Right now I’m hearing a man and a woman talking to each other outside my house. Again, I can’t seem to make out what they are saying, but sometimes I can tell a shift in tone. It’s like if people are having a conversation, maybe even about you, but you never see them and you can barely hear them. Like I said, I’m not able to make out exactly what they’re saying, but I get the feeling many times they are commentating about whatever it is that I’m doing. Some days it seems easier to push them down and try to ignore them. Other days, like today, I’m just left wondering what the purpose is in this. This has been going on for well over a year now, and I’ve yet to figure out what it means. Am I creating these voices subconsciously? I also don’t know why it’s worse when there is ambient or white noise in the background.

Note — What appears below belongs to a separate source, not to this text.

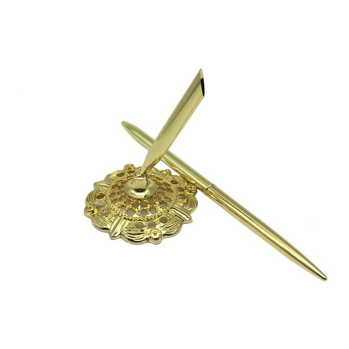 The ball-point pen(black ink) and Hollow Gold Plated Metal Pen Holder Party Pen Set.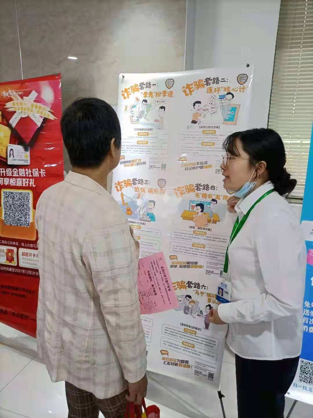 中山支行利用客户办理业务等待期间,向客户深入浅出的普及防电信诈骗、非法集资、辨别真假币等金融知识,引导大家正确使用金融产品与服务,增强自身权益保护意识。

Every day it’s inevitable that I hear them. The only reason I said that maybe I’m creating these voices subconsciously is because sometimes they mimic my mood. What’s strange is that when I go through something difficult or I find myself in a tough situation, I can sense that there tones become more compassionate. Yet, it also seems like they can take harsher or more critical tones…perhaps if they disagree with a decision that I make. What I’m trying to say is that maybe there nature is directly affected by my actions. Honestly, I think I’ve come up with the best way to explain how I feel about this whole situation. I feel like Truman from the movie “The Truman Show”. I don’t mean to say that I think my life is really a television show, but I do identify with the concept of being watched and having strange things go on. I just wish I knew how or why this all started. I keep thinking that if I could figure out how it all began that I could put an end to it.
The biggest concern I have is wasting time. Sometimes it’s easy for me to become obsessive about figuring out what is being said or what’s going on that I will lose my focus and lose track of time. I keep telling myself, just make it one more day. And that’s what I do, I make it one more day.